■ **Activity**: Everything in the data gets repeated exactly, except for the pictures.

■ **Information provided**:

##############################

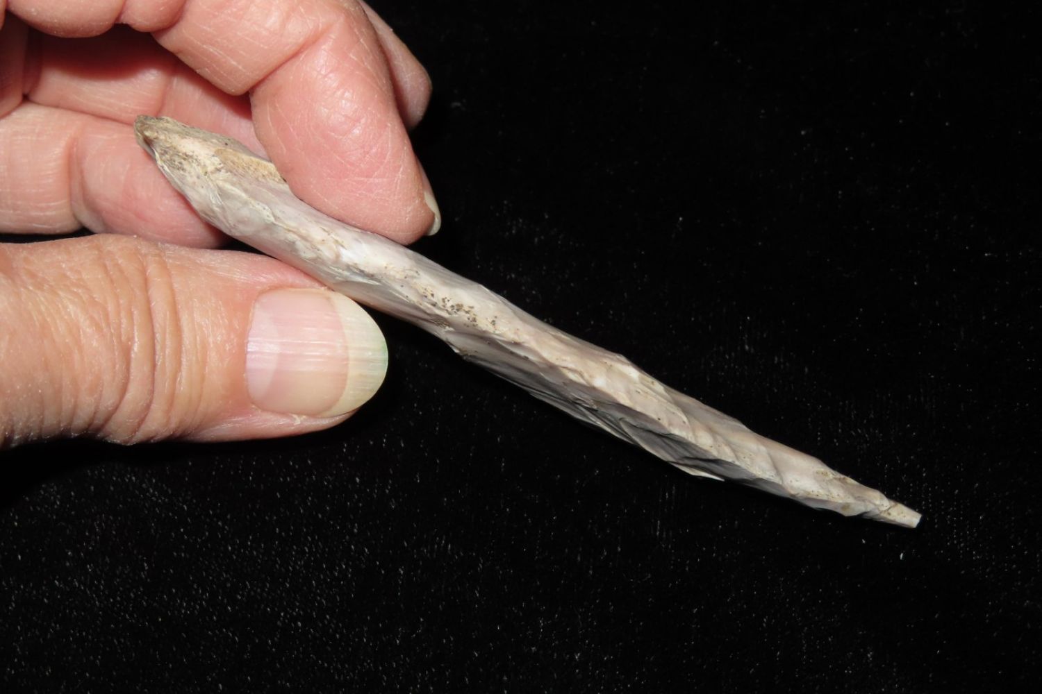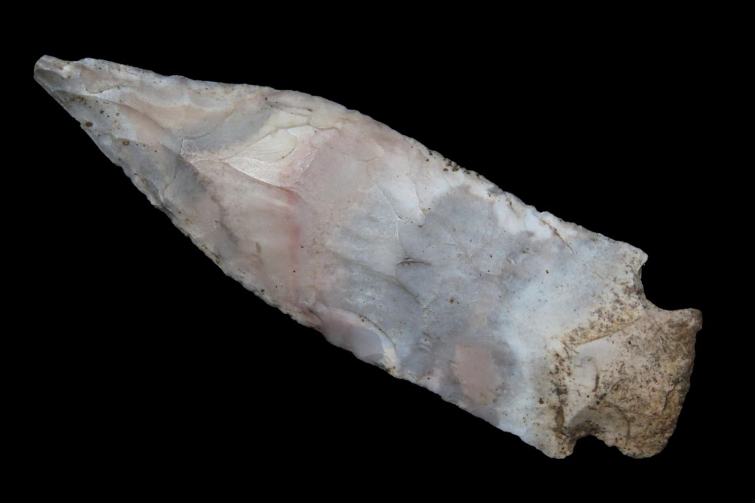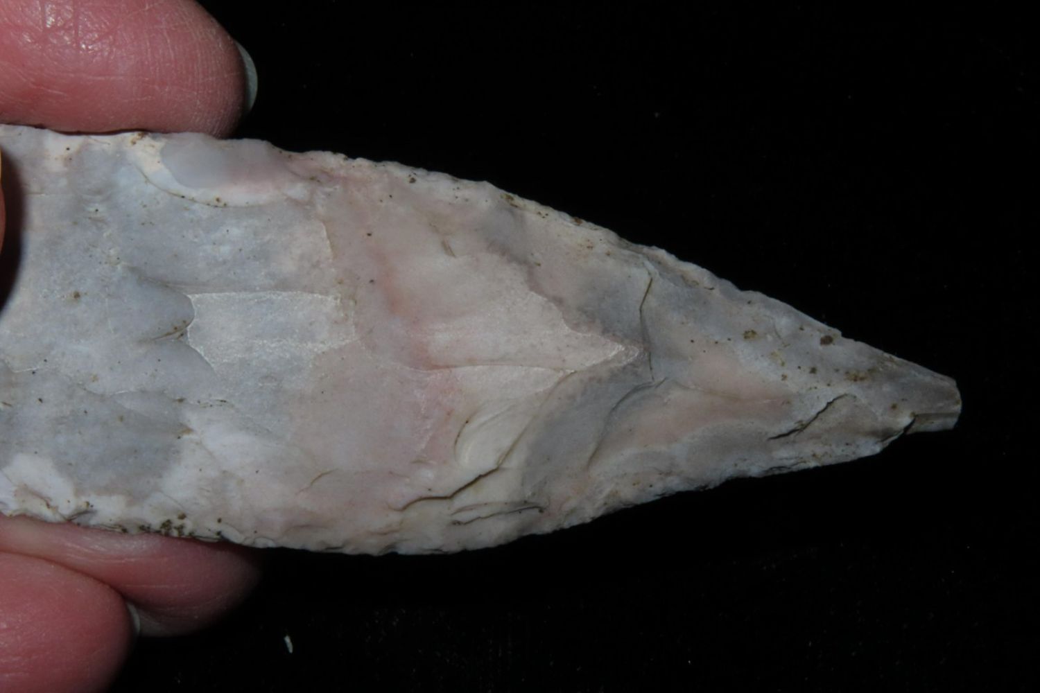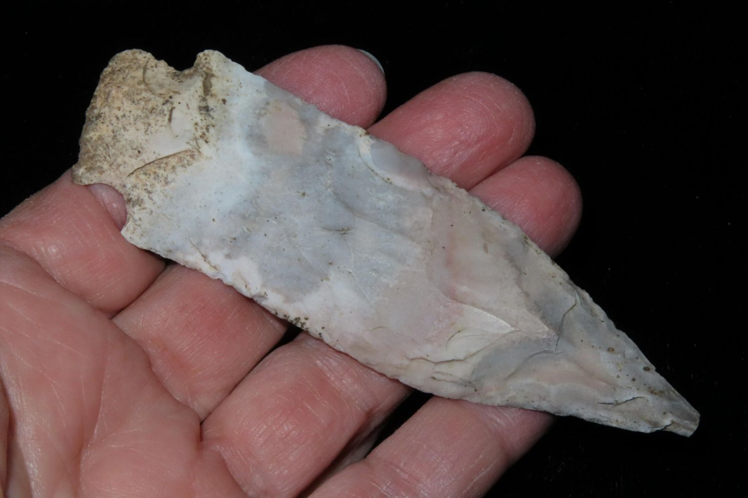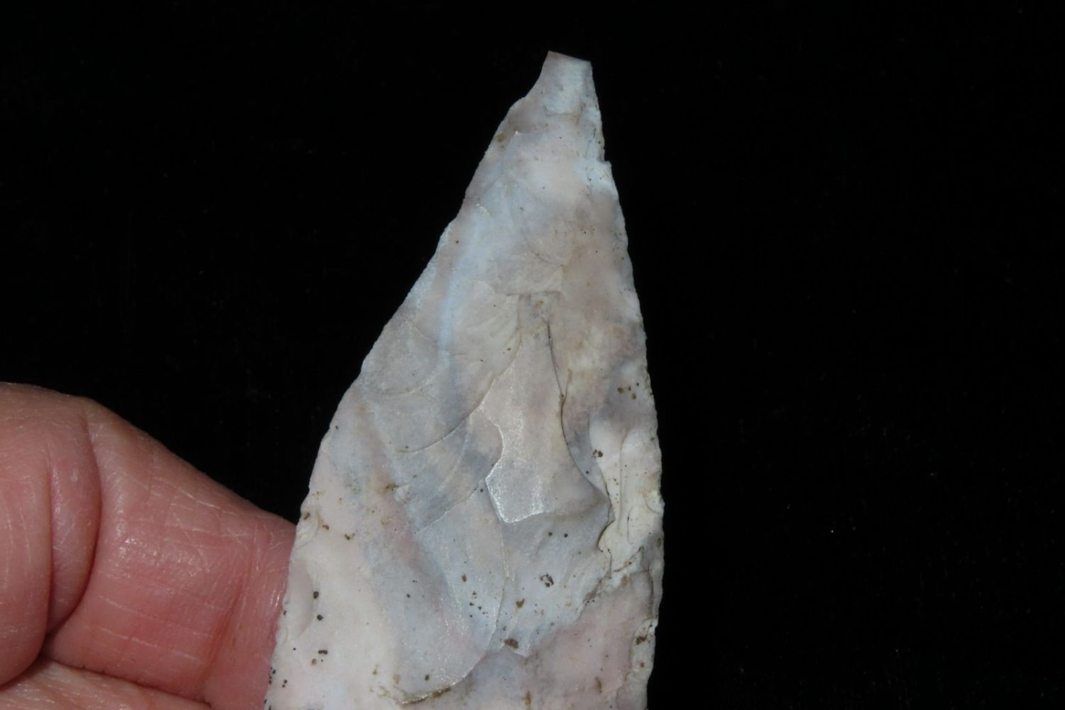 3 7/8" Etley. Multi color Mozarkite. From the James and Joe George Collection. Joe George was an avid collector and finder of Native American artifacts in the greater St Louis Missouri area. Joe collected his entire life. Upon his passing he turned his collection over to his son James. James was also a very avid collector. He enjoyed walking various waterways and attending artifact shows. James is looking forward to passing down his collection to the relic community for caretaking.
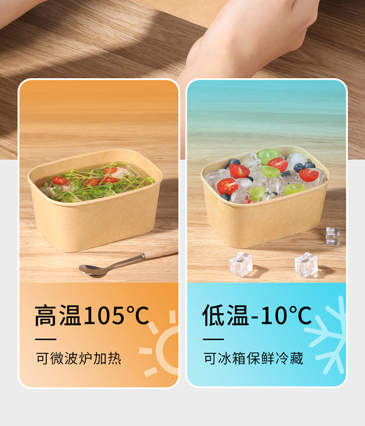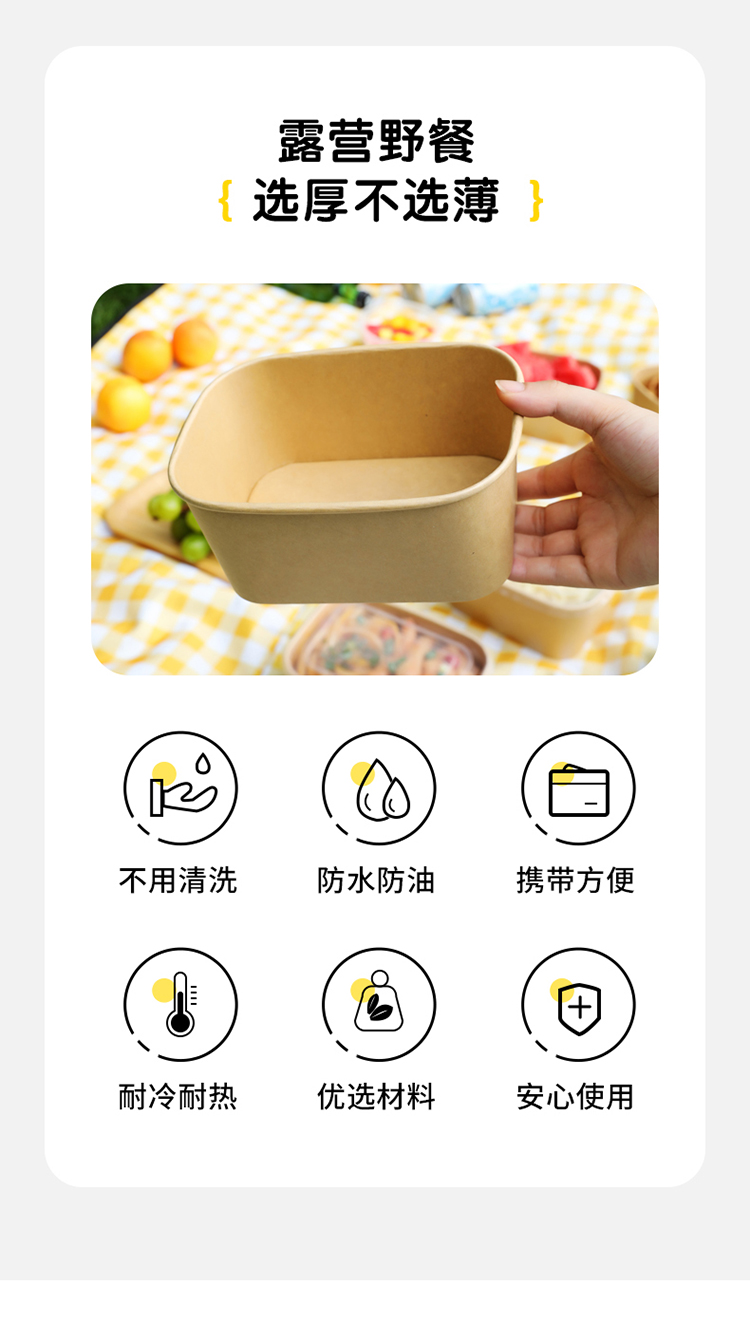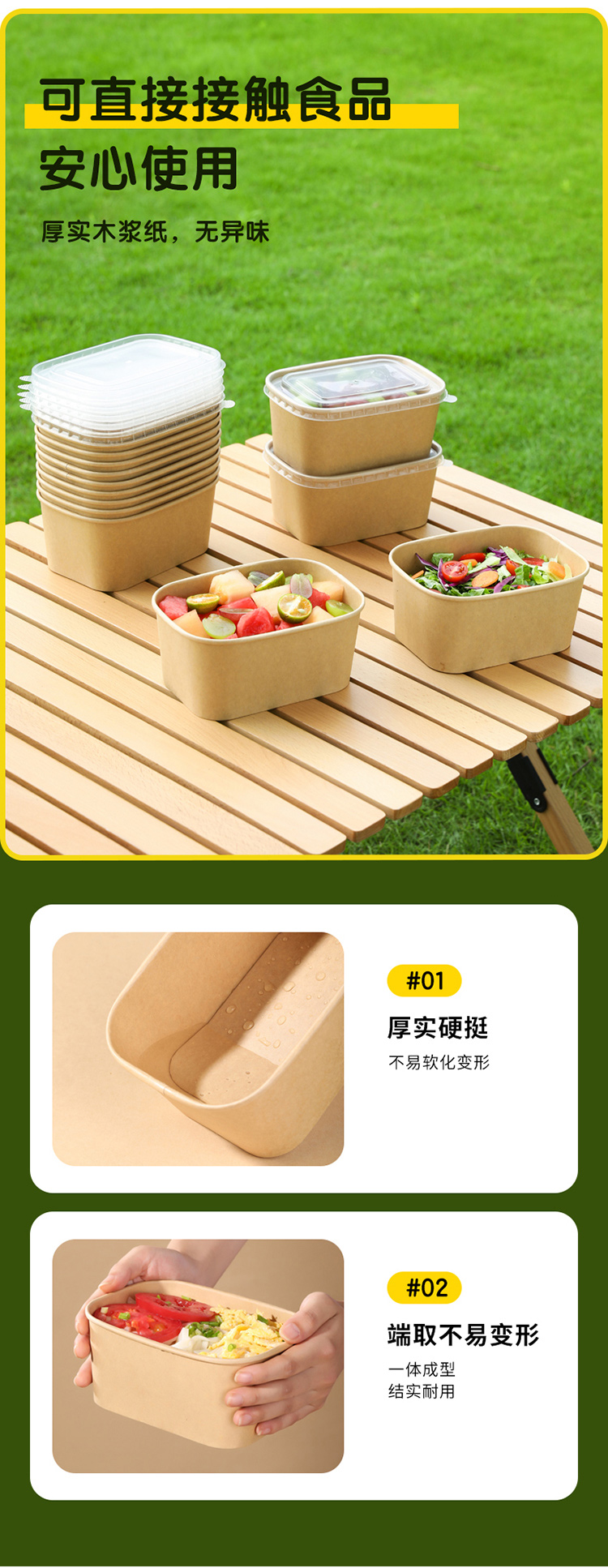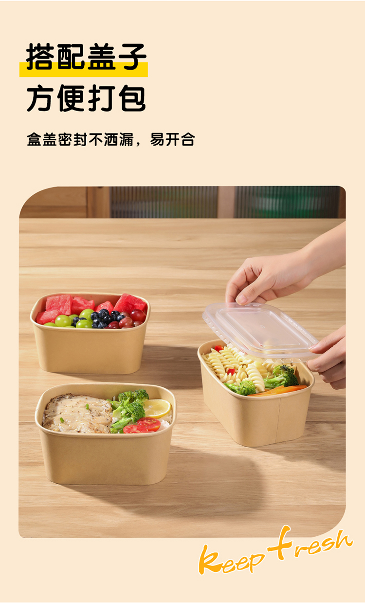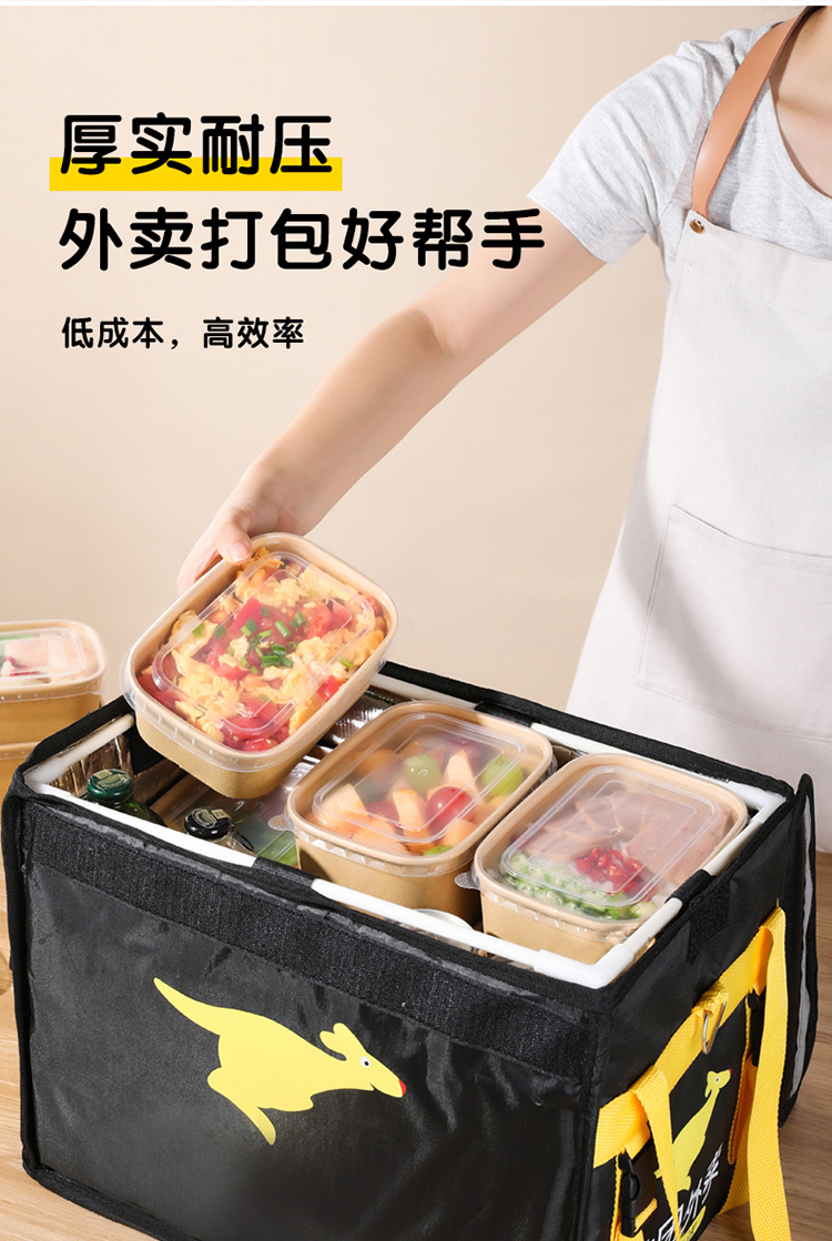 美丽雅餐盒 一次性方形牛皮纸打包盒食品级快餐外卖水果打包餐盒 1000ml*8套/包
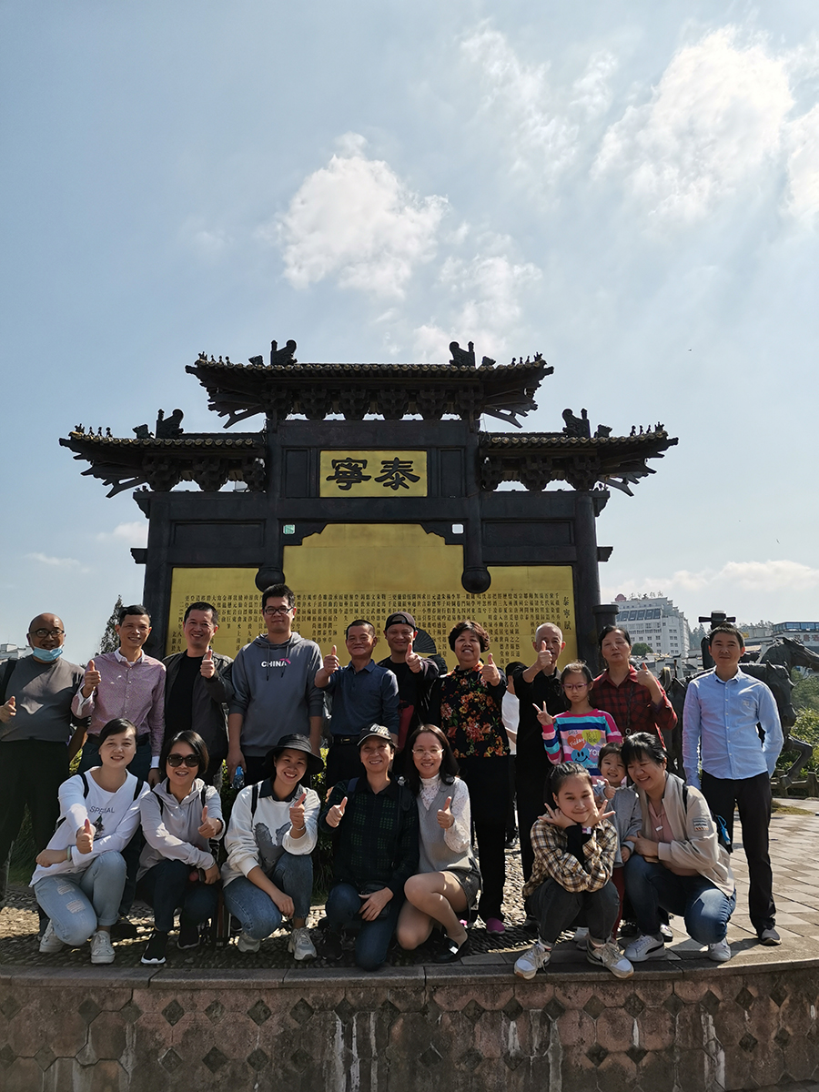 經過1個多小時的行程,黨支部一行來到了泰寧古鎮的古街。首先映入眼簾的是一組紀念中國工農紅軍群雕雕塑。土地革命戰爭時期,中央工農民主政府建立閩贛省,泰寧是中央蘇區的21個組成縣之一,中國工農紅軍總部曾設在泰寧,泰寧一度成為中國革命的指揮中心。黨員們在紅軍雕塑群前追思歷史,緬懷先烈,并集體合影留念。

##############################

■ **Answer to the problem**:
 3 7/8" Etley. Multi color Mozarkite. From the James and Joe George Collection. Joe George was an avid collector and finder of Native American artifacts in the greater St Louis Missouri area. Joe collected his entire life. Upon his passing he turned his collection over to his son James. James was also a very avid collector. He enjoyed walking various waterways and attending artifact shows. James is looking forward to passing down his collection to the relic community for caretaking.
 美丽雅餐盒 一次性方形牛皮纸打包盒食品级快餐外卖水果打包餐盒 1000ml*8套/包
 經過1個多小時的行程,黨支部一行來到了泰寧古鎮的古街。首先映入眼簾的是一組紀念中國工農紅軍群雕雕塑。土地革命戰爭時期,中央工農民主政府建立閩贛省,泰寧是中央蘇區的21個組成縣之一,中國工農紅軍總部曾設在泰寧,泰寧一度成為中國革命的指揮中心。黨員們在紅軍雕塑群前追思歷史,緬懷先烈,并集體合影留念。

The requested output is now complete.